• _Aim of the exercise_: Records follow. Print exactly the lines from the one that has "近日,迪丽热巴迎来27岁生日" through the one that has "11月17日上午,主题实践活", inclusive, and omit the pictures.

• _Source information_:
= Beginning of Section =

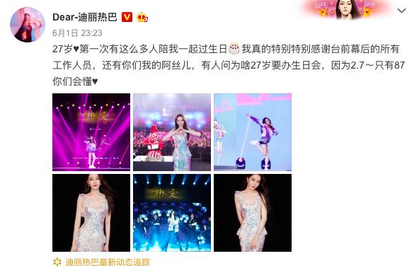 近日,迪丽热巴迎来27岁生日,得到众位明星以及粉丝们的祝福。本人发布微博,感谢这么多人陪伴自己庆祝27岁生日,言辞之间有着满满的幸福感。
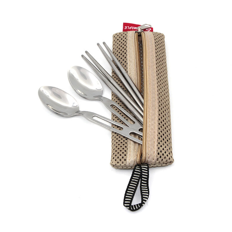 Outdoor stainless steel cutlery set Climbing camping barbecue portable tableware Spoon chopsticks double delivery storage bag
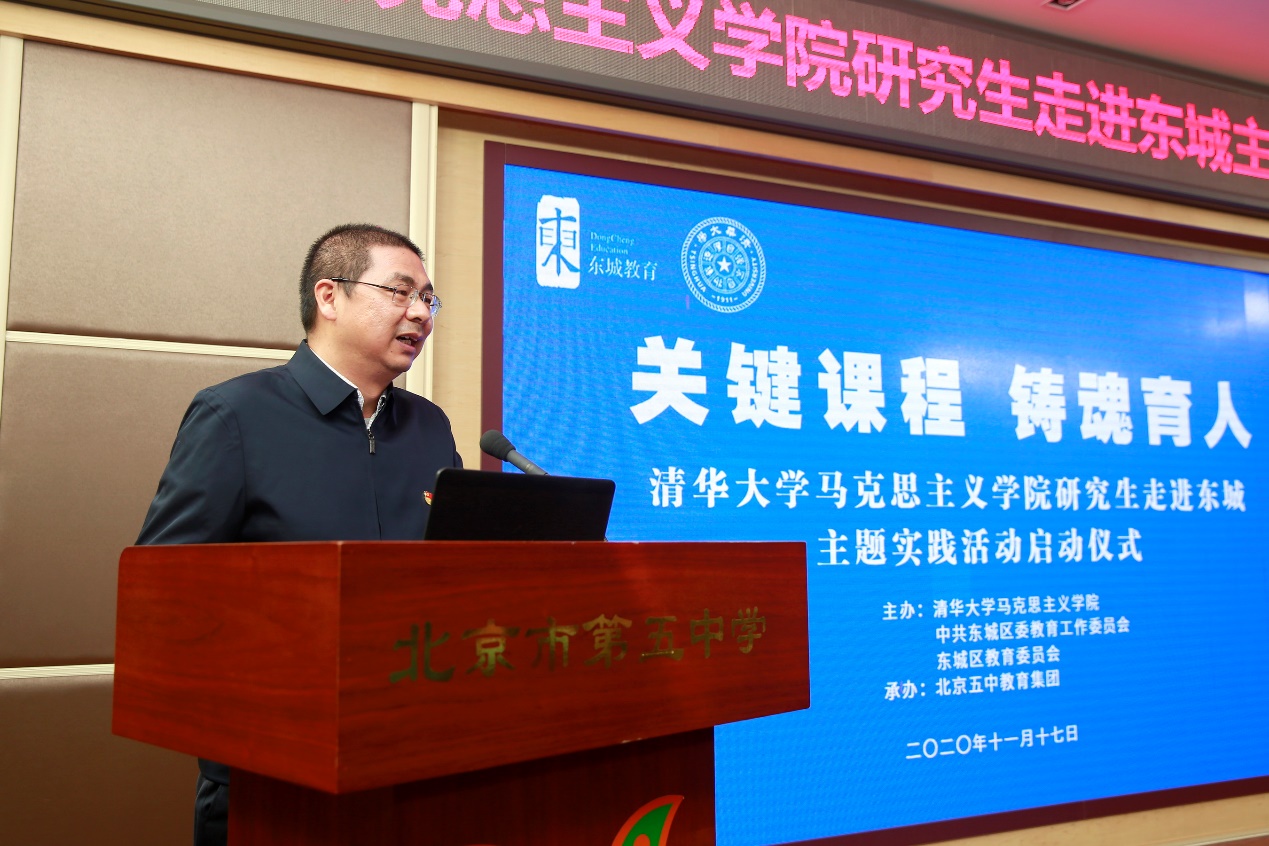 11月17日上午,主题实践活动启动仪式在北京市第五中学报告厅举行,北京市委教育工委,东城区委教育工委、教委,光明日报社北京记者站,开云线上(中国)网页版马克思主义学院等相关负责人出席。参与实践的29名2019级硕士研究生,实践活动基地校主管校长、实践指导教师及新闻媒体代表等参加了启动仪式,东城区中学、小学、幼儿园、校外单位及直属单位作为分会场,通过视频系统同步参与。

= End of Section =
= Beginning of Section =

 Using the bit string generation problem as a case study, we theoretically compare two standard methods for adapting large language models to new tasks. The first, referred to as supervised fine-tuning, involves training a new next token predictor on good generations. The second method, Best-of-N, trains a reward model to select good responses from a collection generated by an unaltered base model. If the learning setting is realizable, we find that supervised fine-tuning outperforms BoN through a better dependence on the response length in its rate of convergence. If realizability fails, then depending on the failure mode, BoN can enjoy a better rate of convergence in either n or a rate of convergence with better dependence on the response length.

= End of Section =

• _Solved exercise_:
 近日,迪丽热巴迎来27岁生日,得到众位明星以及粉丝们的祝福。本人发布微博,感谢这么多人陪伴自己庆祝27岁生日,言辞之间有着满满的幸福感。
 Outdoor stainless steel cutlery set Climbing camping barbecue portable tableware Spoon chopsticks double delivery storage bag
 11月17日上午,主题实践活动启动仪式在北京市第五中学报告厅举行,北京市委教育工委,东城区委教育工委、教委,光明日报社北京记者站,开云线上(中国)网页版马克思主义学院等相关负责人出席。参与实践的29名2019级硕士研究生,实践活动基地校主管校长、实践指导教师及新闻媒体代表等参加了启动仪式,东城区中学、小学、幼儿园、校外单位及直属单位作为分会场,通过视频系统同步参与。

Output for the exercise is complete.